We use evolutionary, genomic, and ecological tools to ask fundamental questions related to how selection acts on males and females within a species, and how the genome responds to contradictory selection to encode sexually dimorphic phenotypes. Sexual dimorphism is observed in a broad range of traits, including morphology, physiology, behaviour and life history, and is the most common form of intra-specific diversity in animals. It is also increasingly clear that sexual dimorphism has important implications to adaptation and speciation as well as human health.
How is the genome shaped by sexual selection?
The genome is subject to different sexual selection pressures depending on mating system, and we use population genomic tools to identify the strength and specific targets of sex-specific selection across different behavioural ecologies. Our results show that sexual selection is as important a force as natural selection in shaping broad patterns of gene sequence, expression and genome evolution, and that the genome can quickly respond to resolve sexual conflict via sex-specific gene regulation.
How does sexual selection influence sex chromosome evolution?
There is a complex relationship intertwining sexual selection, sexual conflict and sex chromosome evolution. Once formed, sex chromosomes are the only regions of the genome that differ in presence or dose between females and males, and are therefore predicted to become genomic hotspots for sexual conflict. However, sexual conflict is also thought to precipitate the formation of the sex chromosomes. We use genomic and transcriptomic comparisons between the sex chromosomes and autosomes to differentiate cause from effect in the relationship between sexual conflict and sex chromosomes, and to critically test the role of sex chromosomes in encoding sexually dimorphic traits. We also use natural vatiation in sexual selection to evaluate the role of sexual conflict in sex chromosome formation.

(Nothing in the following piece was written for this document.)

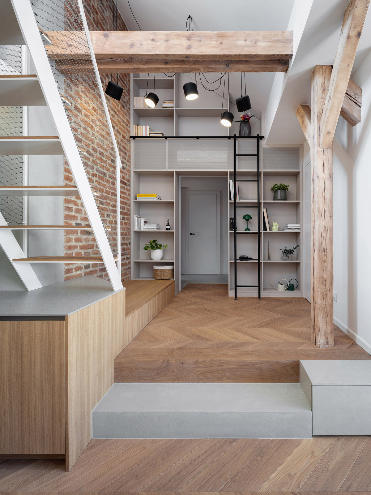Interiér DEVOTO podle návrhu architektonického studia Boq_architekti představuje přestavbu půdního prostoru na multifunkční byt, který kombinuje precizní řemeslo s originálním architektonickým pojetím detailu.

How does transcriptional dimorphism encode phenotypic dimorphism?
In order to identify the genomic targets of sexual selection, we must understand how the genome encodes dimorphic phenotypes. Central to this question is the problem of how divergence occurs between the sexes within a species when so much of the genome is shared. It is clear that although some aspects of dimorphism result from genes present in one sex on Y chromosomes, the majority of dimorphism is the product of different expression in males and females of genes that are present in both sexes (sex-biased genes). We combine sequence and expression data, and integrate these with an organismal understanding of phenotypic sex differences to test the predictions linking sex-biased gene expression and sexual dimorphism across multiple levels of biological diversity, including through development, within populations, across populations, and among species.